You could argue that this type of SEO may not be needed for a product-led growth strategy. However, product-led growth focuses on technical users finding specific applications and sharing how they solved a problem with the tool. 

People with similar issues will then see how they solved the problem and do the same. This type of SEO strategy gives technical users (e.g., media list builders) in a corporate communications role a way to use a seed list to find other relevant audiences.

This type of campaign provides unique value in a product-led growth strategy (i.e., a technical audience uses and loves the product, so they share it with other technical users). The page could provide an asset that technical users, PR or media relations people, in this case, could easily share when someone needs a list of sites and contacts for an audience.

SEO does have applications in new markets and with product-led growth, but the amount of traffic in these markets may not be as robust as in emerging or established markets.

What about search marketing in emerging or mature markets?

As a market matures, buyers use search engines to learn more about the products, services or ideas in that category.

I like to use the innovation adoption curve to understand and plan keyword targets and media communication strategy since as technology or innovation adoption grows, so does search volume.

Innovators: Technical enthusiasts who are looking to solve new problems.

Early adopters: Visionaries who see a big opportunity when solving problems.

Early majority: Pragmatic users who want to solve problems but need proof it works.

Late majority: Skeptical about technology or changes.

Laggards: Do things in the market standard.

Ebikes, for example, are an emerging market in the U.S., with some states and cities having a much higher adoption rate than the national rate. As more people use and talk about using ebikes, the demand and Google searches for the product grow.

A recent case study I wrote for Search Engine Land about the ebikes category illustrates this.

The keyword “ebike” has between 100,000 to 1 million average monthly searches with a +900% increase YoY (Google keywords planner).

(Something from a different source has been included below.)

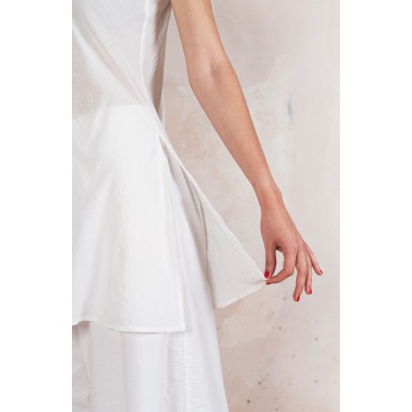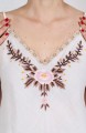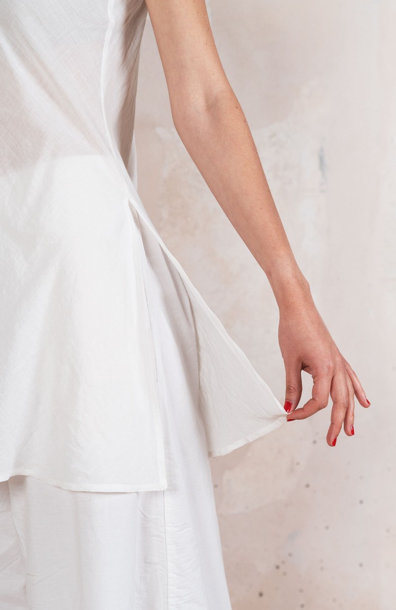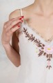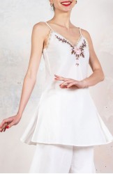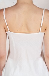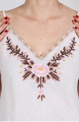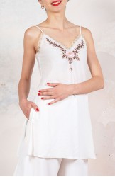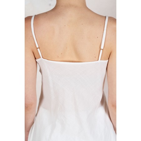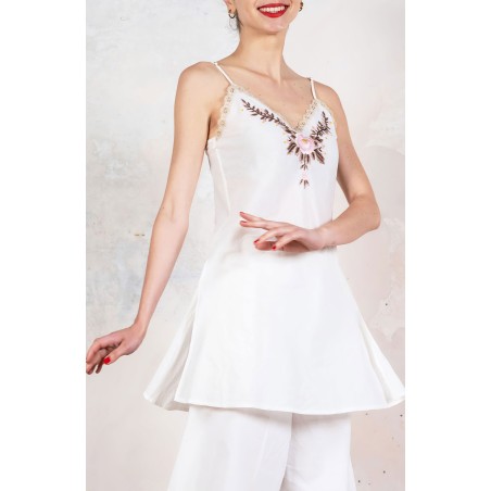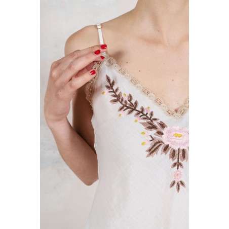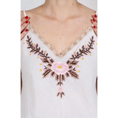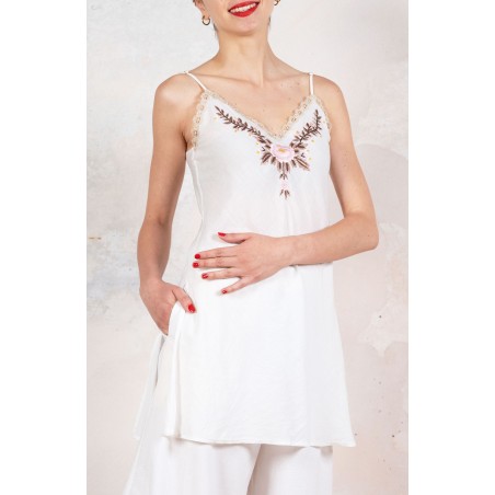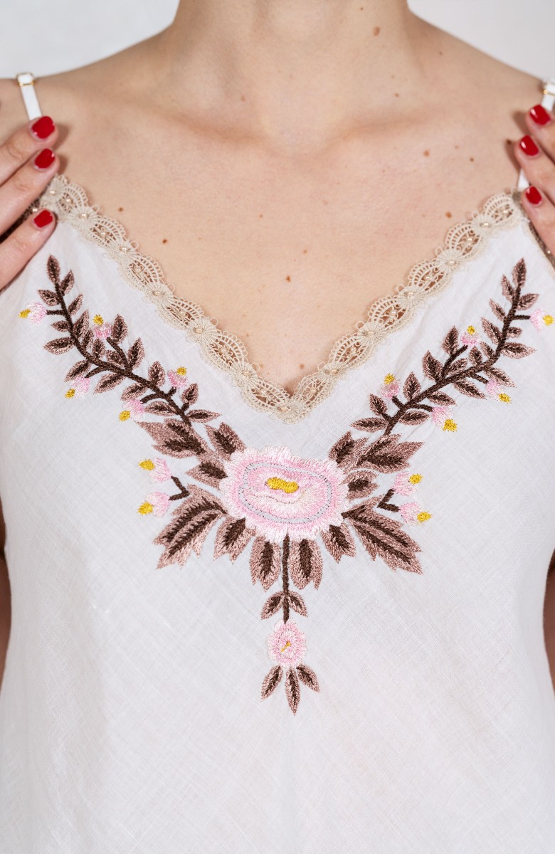 Top sottoveste in leggerissimo khadi indiano, il cotone filato e tessuto a mano. A mano è realizzato anche il prezioso ricamo a fiori sullo scollo davanti, a mano è incrostato il pizzo lungo lo l’orlo dello scollo, a mano sono applicate le perline sul pizzo.

Keywords planner aggregates multiple keywords into this search volume beyond “ebike” so Google Trends can provide another perspective on growth. But Google Trends show a growing interest in the category with over 17% increase in search in 2024 from 2023.

For this rapidly growing term, the brand has spots in the shopping feature, paid ads and standard Google blue listings.

The standard organic rankings could get a 35% click-through rate (CTR) alone, but taking up three key positions could drive up CTR due to brand presence on the page.

The CTR could also be improved since the brand’s ebike has strong brand recognition through its PR efforts.

Let’s use some rough numbers to estimate the traffic for this keyword that a person would use when looking to buy an ebike.

300,000 monthly searches.

40% CTR.

120,000 monthly clicks.

Last-click conversion rate of 5%.

6,000 sales per month.

This doesn’t include the return visits with latent conversions (e.g., non-last click conversions) for those shopping around during the first click.

Why would an ebike brand not want to have the same dominance for this keyword as Lectric?

An insightful conclusion

Target each stage of your audience’s journey with the right messaging based on the medium they are using and how they use it, using an integrated PR and SEO strategy.

This graph above tells an important story about designing your marketing strategy, and this data point is an important part of that story:

“70% of online shoppers who are also active weekly on social media report using Google Search to inform or evaluate purchases that caught their attention on social media.”

Thus, the audience may start their journey on social media sites, but they will also use search engines as they progress to make buying decisions.

This means that a budget should be invested in each stage of the audience’s online journey, including using PR and SEO techniques.